Smithfield Foods yesterday (17 February) insisted the company would continue to meet its banking covenants and maintained plans to revamp its pork operations were not caused by pressure from its lenders.
Earlier in the day, the US-based meat group said it would restructure its pork processing with a series of moves including the closure of six plants and the possible loss of almost 1,800 jobs.
In recent months, Smithfield has enjoyed rising profits from its pork business. For the second quarter to 26 October, Smithfield saw earnings from its pork business rise from US$62.9m to $93.4m, thanks to a jump in export sales.
However, Smithfield has faced questions over its financial position and, speaking at an analyst conference in Florida, president and CEO Larry Pope and CFO Bo Manly were quick to reassure investors.
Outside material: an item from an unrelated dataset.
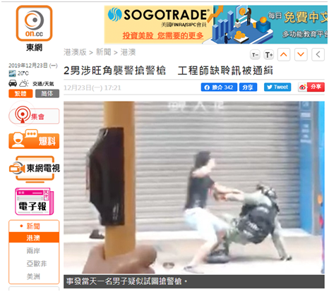 港媒报道截图 报道称,缺席提审被告名为甘维邦(24岁),报称任职土木工程师。他被控于10月13日,在旺角雅兰中心外袭击警务人员、管有攻击性武器,即一支伸缩警棍,以及无合法权限或合理辩解管有另一人的身份证。报道提及,法官在法庭上表示,法庭早前曾发出2个手令,内容分别是甘维邦上报的住址无效,以及其未按时到警署报到。 据报道,案件中另一被告为30岁男子谢信诚,他从事建筑工地工作,被控于同日(10月13日)在旺角雅兰中心外袭击警务人员、意图抢劫,其保释申请早前已被拒。法官应控方要求,将案件押后至明年(2020年)2月17日。 据港媒此前报道,10月13日下午约14时30分,在旺角弥敦道近山东街一带,一名防暴警员追截暴徒,并将一名暴徒按倒在地,随后有数名暴徒上前阻止并殴打警员,期间一人曾企图抢去防暴警员的长枪,一人用长伞殴打该警员,还一人则跳起飞踢警员。报道称,警方事后拘捕2名男子。包括疑似试图抢枪的谢信诚,以及疑似以伸缩棍袭警的甘维邦。

Manly said Smithfield had improved its liquidity and had secured a series of new banking covenants with its lenders, while Pope said the pork shake-up had been introduced to improve margins and focus the business on more profitable categories.
“We’re not doing this [the pork restructuring] as a result of pressure from any of our banks,” Pope told the Consumer Analyst Group of New York (CAGNY) conference.
Pope said the revamp would see Smithfield focus on higher-margin, packaged meat categories. “We are walking away from cheap business. We would rather be a smaller, more profitable company than a larger, less profitable company,” Pope explained.
The global downturn had hit demand for protein worldwide, Pope said, with pork production falling in most key exporting and importing countries.
However, Pope insisted market conditions appear to be “moving in the right direction” due to falling input costs, lower protein supplies leading to improved prices and higher pork exports.
“The next year should be better than the current year despite the recession,” Pope insisted. “We have gone through the storm and we have come out the other side.”
Shares in Smithfield closed down 7.3% yesterday, trading at $8.87.